Please repeat each line from the one holding "长治市气象台 2023年3月11日08 时42分发布大风蓝色预警信号" through the final line of the data, exactly as it stands, with no pictures.
Start of SOURCE DATA
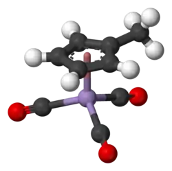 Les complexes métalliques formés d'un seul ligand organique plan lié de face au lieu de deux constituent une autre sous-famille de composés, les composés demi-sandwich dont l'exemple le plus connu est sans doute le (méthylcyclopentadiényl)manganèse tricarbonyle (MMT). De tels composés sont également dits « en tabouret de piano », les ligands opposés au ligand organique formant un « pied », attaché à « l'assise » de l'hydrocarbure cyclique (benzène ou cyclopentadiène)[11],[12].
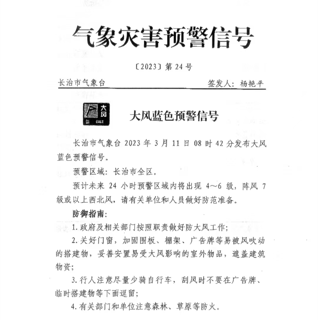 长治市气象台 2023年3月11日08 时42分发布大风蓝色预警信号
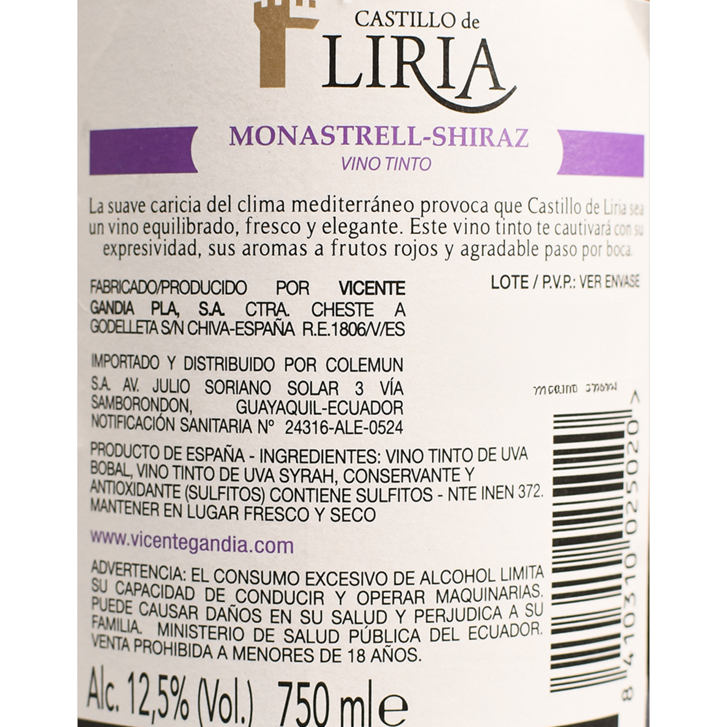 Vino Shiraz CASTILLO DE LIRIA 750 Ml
End of SOURCE DATA
## WRITTEN ANSWER
 长治市气象台 2023年3月11日08 时42分发布大风蓝色预警信号
 Vino Shiraz CASTILLO DE LIRIA 750 Ml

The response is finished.